I sintomi del tumore all'ovaio: un fulmine a ciel sereno
Mariarita Sciortino ha 48 anni e tanta energia e vitalità che nemmeno quel fulmine a ciel sereno di 15 anni fa è riuscito a spegnere. “Ho un’anima doppia: mi occupo sia di marketing che di supporto e counseling alle donne che hanno avuto un percorso di malattia. Sono siciliana, ma vivo a Milano da vent’anni”.
Il suo percorso con il cancro inizia nel 2010, quando a 33 anni scopre di avere un tumore ovarico. “È stata una sorpresa perché stavo benissimo e avevo una vita molto intensa. Una notte mi sono svegliata con un dolore lancinante al basso ventre. Non avevo fatto particolare attenzione a qualche malessere nei giorni precedenti, ma quella notte mi sono preoccupata”.
A volte il corpo ci lancia segnali che tendiamo a ignorare, finché non diventano impossibili da trascurare. L’esperienza di Mariarita sottolinea quanto sia importante ascoltarlo, anche se in questo caso la gravità è emersa in modo estremamente rapido.
Il carcinoma ovarico va operato subito
Da quel dolore addominale si passa all’ecografia intravaginale. “Non sono nemmeno riuscita a fare i marcatori tumorali, perché poco dopo l’ecografia mi hanno comunicato che entro 72 ore sarei stata operata. Non c’è stato il tempo di comprendere cosa stava succedendo. Credo che il mio cervello non abbia avuto modo di elaborare l’informazione”.
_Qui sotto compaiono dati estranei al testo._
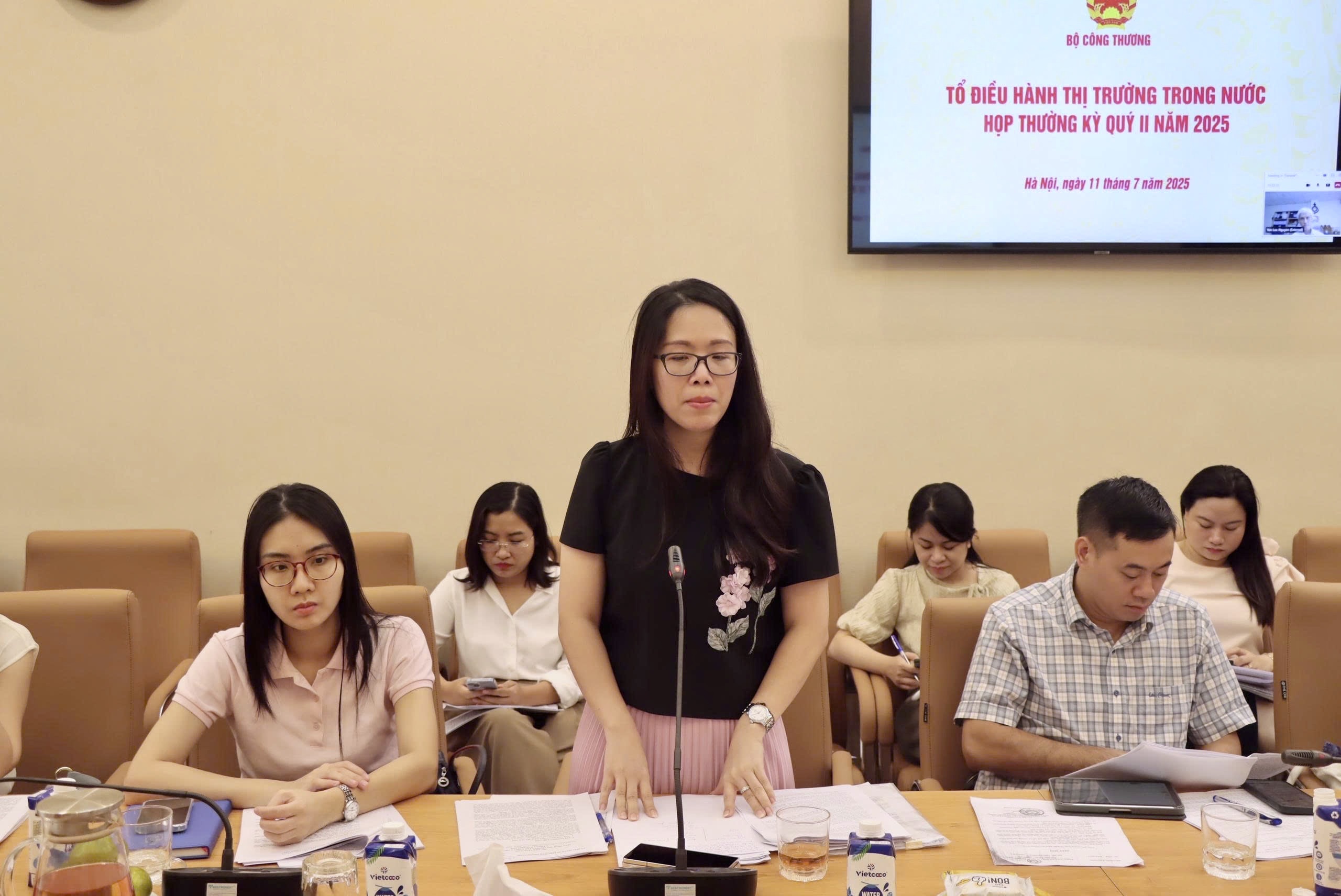 Bà Lê Thị Hồng, Thường trực Tổ điều hành thị trường trong nước thông tin về tình hình thị trường thế giới và trong nước 06 tháng đầu năm 2025

I ricordi scolpiti nella memoria di Mariarita sono due: l’impressione di avere la testa avvolta dalla nebbia e il senso di disperazione che prova per la prima volta. “Ero a Torino e ho chiamato il mio compagno a Milano per dirgli di venire a prendermi, perché dovevo fare un intervento. Senza tempo o modo di mettere in discussione la diagnosi di sospetto tumore alle ovaie, mi sono affidata ciecamente. Cosa fai in quel momento? Ti dicono che hai bisogno di un’operazione d’urgenza e non conosci altre strutture o altri medici. Ti fidi e basta”.
Infatti, l’improrogabilità dell’intervento, resa necessaria dalla natura e dalle dimensioni della massa tumorale, toglie a Mariarita la facoltà di cercare un secondo parere o di elaborare gradualmente la notizia. Come accade a molte pazienti catapultate in un percorso medico senza sintomi che diano preavviso.
Che cos'è un tumore borderline?
“Il motivo di tanta urgenza era il risultato dell’ecografia. Quella che sembrava una cisti, molto grossa (era una massa di 11 cm x 6), con la sua morfologia rappresentava già un campanello d’allarme. I medici quindi volevano rimuoverla subito e poi verificarne la natura. L’esito immediato è stato un tumore borderline G1“. I Bot, tumori borderline dell’ovaio, sono neoplasie che presentano solo alcune caratteristiche dei tumori maligni: niente per cui tirare un sospiro di sollievo, però.
“Nel 2010 non si sapeva molto dei tumori borderline e uno dei due chirurghi era dell’idea di rimuovere anche l’altro ovaio” prosegue Mariarita. “Per fortuna, la ginecologa presente è riuscita a limitare l’asportazione ed evitare un intervento demolitivo. Sono entrata in sala operatoria a 33 anni con un apparato riproduttivo integro e ne sono uscita dopo la rimozione dell’ovaio di destra, che era stato inglobato proprio dal tumore borderline”.
Superata l’operazione chirurgica, Mariarita crede di potere archiviare l’accaduto: via il dente, via il dolore. “La parola tumore è tremenda. Quando ti dicono che con un intervento tutto può essere concluso, non vuoi neanche pensare alla possibilità di recidive”.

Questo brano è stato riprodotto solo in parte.